:: DATA UNDER STUDY

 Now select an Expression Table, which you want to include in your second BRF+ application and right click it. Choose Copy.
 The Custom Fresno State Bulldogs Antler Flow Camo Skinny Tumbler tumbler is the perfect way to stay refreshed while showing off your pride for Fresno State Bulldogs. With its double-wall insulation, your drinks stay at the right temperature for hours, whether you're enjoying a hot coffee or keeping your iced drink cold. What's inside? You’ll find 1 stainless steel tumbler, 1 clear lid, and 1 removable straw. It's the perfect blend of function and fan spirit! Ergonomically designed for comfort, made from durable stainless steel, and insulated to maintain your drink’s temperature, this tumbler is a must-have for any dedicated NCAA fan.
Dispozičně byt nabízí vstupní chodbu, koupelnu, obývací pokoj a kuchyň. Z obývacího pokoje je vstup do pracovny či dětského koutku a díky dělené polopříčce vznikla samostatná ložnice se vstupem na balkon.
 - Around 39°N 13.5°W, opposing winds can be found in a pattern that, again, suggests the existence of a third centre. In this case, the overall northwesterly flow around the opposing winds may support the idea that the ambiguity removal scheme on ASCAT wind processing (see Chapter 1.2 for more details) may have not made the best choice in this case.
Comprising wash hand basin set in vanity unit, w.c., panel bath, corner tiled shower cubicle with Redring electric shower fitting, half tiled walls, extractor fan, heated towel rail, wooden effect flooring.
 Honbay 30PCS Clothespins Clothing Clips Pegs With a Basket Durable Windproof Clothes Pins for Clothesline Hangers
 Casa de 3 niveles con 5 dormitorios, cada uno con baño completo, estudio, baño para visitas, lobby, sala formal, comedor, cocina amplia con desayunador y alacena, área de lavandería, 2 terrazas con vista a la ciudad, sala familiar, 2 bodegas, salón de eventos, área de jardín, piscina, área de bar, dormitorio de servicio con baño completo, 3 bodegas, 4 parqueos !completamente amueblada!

::::

- **EXERCISE AIM**
Your answer should consist only of the lines above between the line holding "Dispozičně byt nabízí" and the line holding "- Around 39°N", inclusive, each transcribed exactly.

- **ANSWER TO THE EXERCISE**
Dispozičně byt nabízí vstupní chodbu, koupelnu, obývací pokoj a kuchyň. Z obývacího pokoje je vstup do pracovny či dětského koutku a díky dělené polopříčce vznikla samostatná ložnice se vstupem na balkon.
 - Around 39°N 13.5°W, opposing winds can be found in a pattern that, again, suggests the existence of a third centre. In this case, the overall northwesterly flow around the opposing winds may support the idea that the ambiguity removal scheme on ASCAT wind processing (see Chapter 1.2 for more details) may have not made the best choice in this case.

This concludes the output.